BEGIN Data supplied
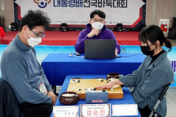 ▲ 시니어 여성 최강부 결승전, 이루비(오른쪽)가 권병훈을 반집 차로 따돌리고 우승컵을 차지했다.
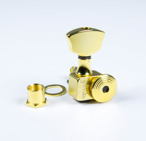 These are genuine, factory-fresh Sperzel Trim-Lok tuners, for 3 per side headstocks finished in gold plate and with full manufacturer warranty. These tuners have non-staggered posts, suitable for 3 per side headstocks that tilt back, similar to a Les Paul or SG.
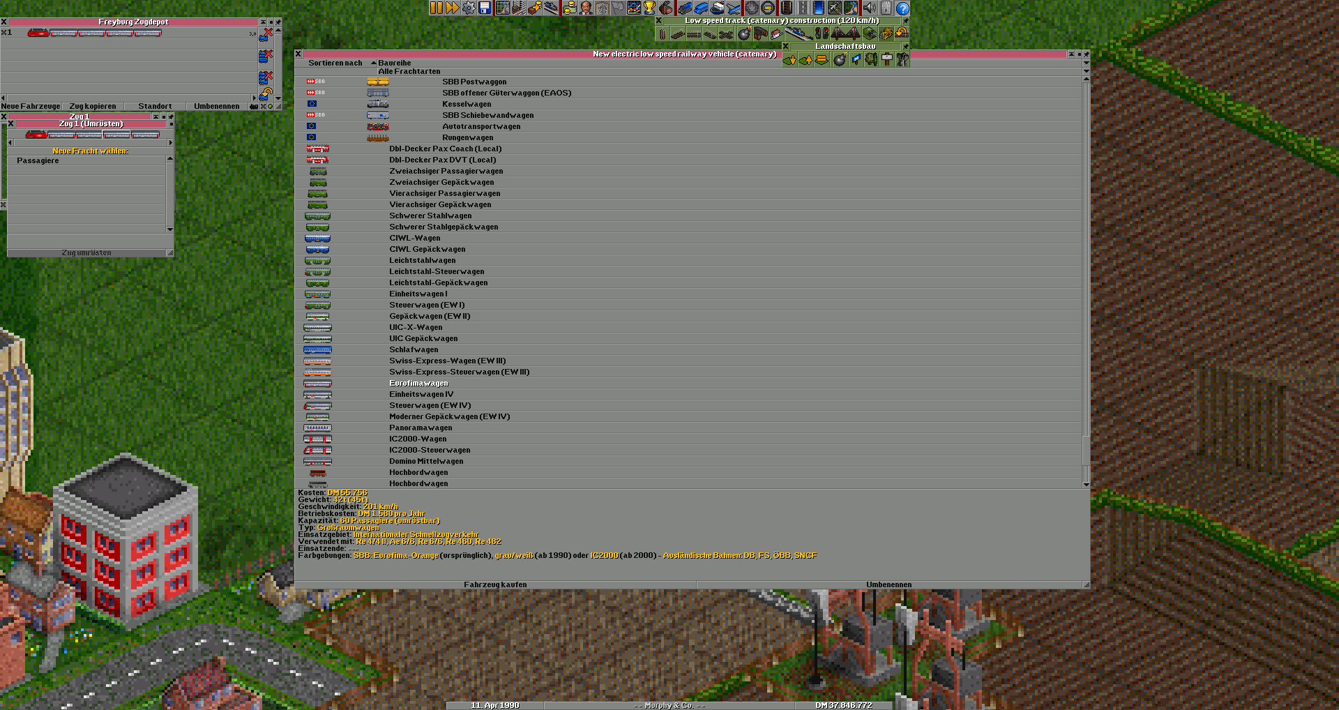 Weiterhin habe ich im Dezember 1946 (gerade eben habe ich es bemerkt) keinen Waggon, mit dem ich Gold transportieren könnte. Der Kühlwagen kann laut Kaufmenü umgerüstet werden (ohne Angabe), nach dem Kauf wird der Umrüstbutton angeboten, es wird aber nur die Standardfracht Lebensmittel angeboten. Die Flachwagen lassen sich auf Holz und Steel (statt Stahl) umrüsten.
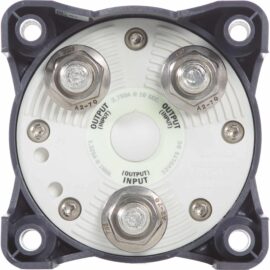 Single M8 stud MRBF fuse block with 3/8″ mounting hole.  Rated for 30-300A and 58V DC. Designed for the most demanding environment to provide high current protection for the tightest space constraints. Suitable for main and auxiliary circuit protection such as alternator outputs, starter motor inputs and accessory circuits.
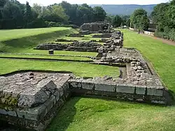 Fragments of the west range – the cellarer's range – are extant. It was entered from the west by an outer parlour, projecting from the north end of the range, where members of the community received visitors. The prior lived on the upper floor which comprised a hall, chamber and chapel dedicated to Saint Hilda. The prior's rooms were probably located above the outer parlour, as was the pattern at other monasteries, accessing the cloister and the outside world.[52] The largest surviving fragment of the range comprises a cellarium or storehouse where supplies were kept. It is a vaulted undercroft of nine bays constructed from stone ashlar with its floor level below that of the cloister. It is relatively well-preserved and believed to have been divided by timber partitions which were later replaced in stone.[53]
END Data supplied
What you have to do -
Leaving out the pictures, output the listing above exactly as given.

Your solution -
 ▲ 시니어 여성 최강부 결승전, 이루비(오른쪽)가 권병훈을 반집 차로 따돌리고 우승컵을 차지했다.
 These are genuine, factory-fresh Sperzel Trim-Lok tuners, for 3 per side headstocks finished in gold plate and with full manufacturer warranty. These tuners have non-staggered posts, suitable for 3 per side headstocks that tilt back, similar to a Les Paul or SG.
 Weiterhin habe ich im Dezember 1946 (gerade eben habe ich es bemerkt) keinen Waggon, mit dem ich Gold transportieren könnte. Der Kühlwagen kann laut Kaufmenü umgerüstet werden (ohne Angabe), nach dem Kauf wird der Umrüstbutton angeboten, es wird aber nur die Standardfracht Lebensmittel angeboten. Die Flachwagen lassen sich auf Holz und Steel (statt Stahl) umrüsten.
 Single M8 stud MRBF fuse block with 3/8″ mounting hole.  Rated for 30-300A and 58V DC. Designed for the most demanding environment to provide high current protection for the tightest space constraints. Suitable for main and auxiliary circuit protection such as alternator outputs, starter motor inputs and accessory circuits.
 Fragments of the west range – the cellarer's range – are extant. It was entered from the west by an outer parlour, projecting from the north end of the range, where members of the community received visitors. The prior lived on the upper floor which comprised a hall, chamber and chapel dedicated to Saint Hilda. The prior's rooms were probably located above the outer parlour, as was the pattern at other monasteries, accessing the cloister and the outside world.[52] The largest surviving fragment of the range comprises a cellarium or storehouse where supplies were kept. It is a vaulted undercroft of nine bays constructed from stone ashlar with its floor level below that of the cloister. It is relatively well-preserved and believed to have been divided by timber partitions which were later replaced in stone.[53]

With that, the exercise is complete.